А тут идем мы с ним раз по Лешно, на улице полно народу, и вдруг какие-то эсэсовцы начали стрелять.

Толпа бросилась бежать. Он тоже.

Знаешь, до того я вообще не представлял себе, что он может чего-нибудь испугаться. А он, мой кумир, удирал.

Дело в том, что он привык всегда иметь при себе оружие: в училище, в Варшаве в сентябре, в Модлине. У врага было оружие, и у него было, вот он и был смелый. А тут враг стреляет, а он стрелять не может - и он стал другим человеком.

Произошло это внезапно: просто он, ничего не объясняя, прекратил что-либо делать. И когда было назначено первое заседание штаба, его звать уже не имело смысла. Поэтому туда пошел я.

У него была девушка, Аня. Она попала в Павяк - потом, правда, ей удалось оттуда вырваться, но, когда ее забрали, он окончательно сломался. Пришел к нам, уперся руками в стол и стал говорить, что мы все равно обречены, что нас перережут, что мы молоды и должны бежать в лес…

Его выслушали не перебивая.

Когда он ушел, кто-то сказал: "Это потому, что ее забрали. Теперь ему уже незачем жить. Теперь он погибнет". Тогда каждый нуждался, чтобы рядом был человек, вокруг которого вертелась бы его жизнь, ради которого надо было что-то делать. Пассивность означала верную смерть. Делай что-нибудь - тогда у тебя будет шанс выжить. Чем-то занимайся, куда-то ходи…

От этой "деятельности" не было особого толка - и так все погибали, - но ты хотя бы не ждал своей очереди безучастно.

Полем моей "деятельности" был Умшлагплац - я должен был, с помощью наших людей из полиции, вызволять тех, кто был нам особенно нужен. Однажды я вытащил парня с девушкой - он работал в типографии, она была отличной связной. Вскоре оба погибли, он во время восстания, но до того успел один раз напечатать листовки, а она - на Умшлагплац, но прежде успела эти листовки разнести.
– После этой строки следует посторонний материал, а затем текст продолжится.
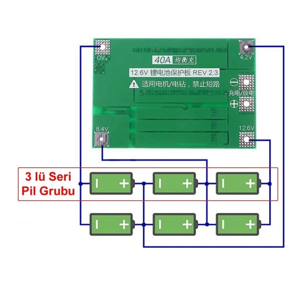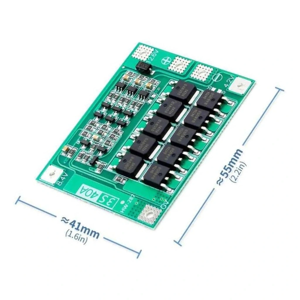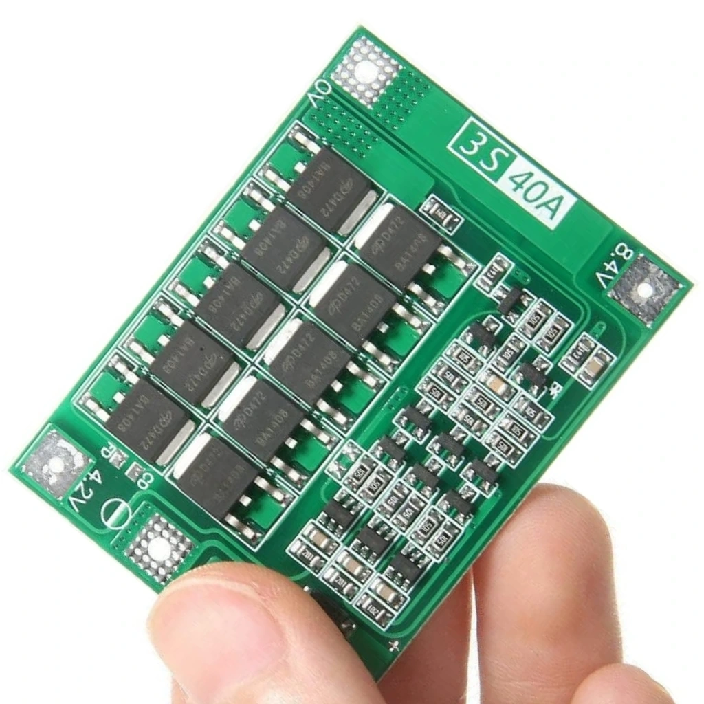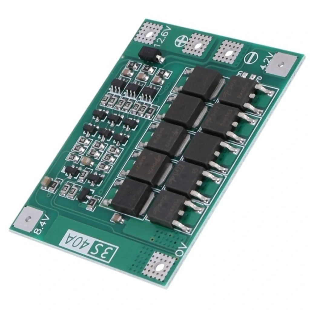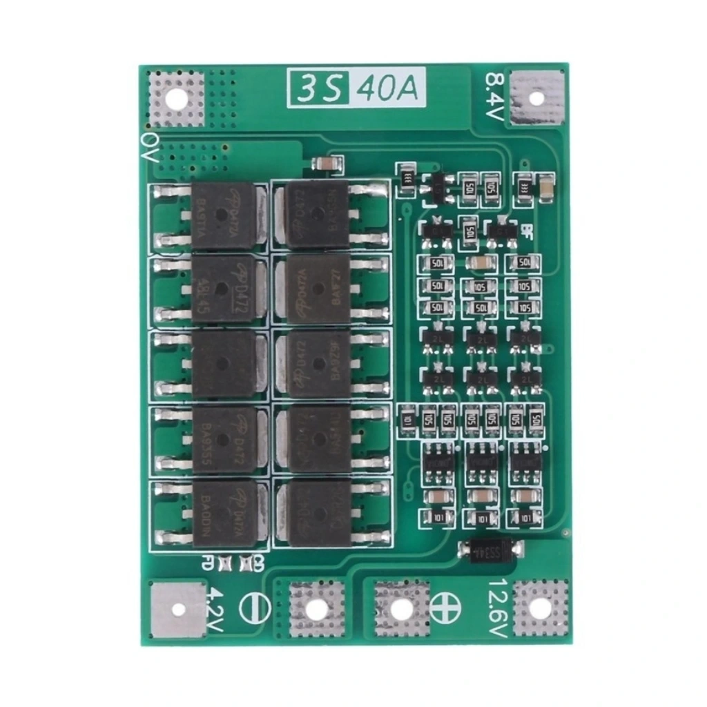 3S 40A 12.6V lityum batarya BMS (Battery Management System) modülü, üç seri bağlı (3S) lityum pil paketleri için tasarlanmış bir koruma devresidir. Bu balanssız BMS, pil hücrelerini aşırı şarj, aşırı deşarj, aşırı akım ve kısa devreye karşı korur. Özellikle yüksek akım gerektiren uygulamalarda pil paketlerinin güvenli ve stabil çalışmasını sağlar. Balanssız yapısı sayesinde temel koruma sağlar, ancak hücreler arası gerilim dengelemesi yapmaz.

Какой в этом был смысл, хочешь спросить?

Никакого. Благодаря этому человек не стоял на бочке. Вот и все.

Возле Умшлагплац помещалась амбулатория. В ней работали ученицы школы медсестер, - кстати, это была единственная школа в гетто. Директор, Люба Блюм, следила, чтобы все было так, как должно быть в настоящем, солидном учебном заведении: белоснежные халаты, накрахмаленные шапочки и образцовая дисциплина… Чтобы выцарапать человека с Умшлагплац, следовало доказать немцам, что он действительно болен. Больных на "скорой помощи" отправляли домой: немцы до последней минуты поддерживали в людях уверенность, что в этих вагонах их везут на работу, а работать, как известно, могут только здоровые. Ну вот, и эти девочки из амбулатории, эти медсестры, ломали ноги тем, кого надо было спасти. Клали ногу на деревянную чурку, а другой чуркой ударяли - в своих сверкающих халатиках образцовых учениц…

Погрузки в вагоны ждали в помещении школы. Людей выводили оттуда поочередно, сперва с одного этажа, потом с другого, так что те, кто был на первом этаже, удирали на второй, со второго на третий, но этажей было только четыре, поэтому на четвертом активность и энергия у всех иссякали - дальше идти было некуда. На четвертом этаже был большой физкультурный зал. Там на полу лежало несколько сот человек. Никто не вставал, не ходил, вообще никто не двигался, люди лежали, апатичные и безмолвные.

В зале была ниша. В нише несколько украинцев - шесть, а может, восемь - насиловали девушку. Стояли в очереди и насиловали, а когда очередь закончилась, девушка вышла из ниши, прошла через весь зал, спотыкаясь о лежащих, белая, голая, окровавленная, и села в углу. Толпа все видела, но никто не сказал ни слова. Никто даже не шевельнулся, и в зале по-прежнему царило молчание.

- Ты это видел или тебе рассказывали?

- Видел. Я стоял в конце зала и все видел.

- Стоял в конце зала?

- Да. Как-то я рассказал эту историю Эльжбете Хентковской. Она спросила: "А ты? Что ты тогда сделал?" - "Ничего не сделал, - ответил я ей. - К тому же, вижу, с тобой обо всем этом вообще бессмысленно говорить. Ты ничего не понимаешь".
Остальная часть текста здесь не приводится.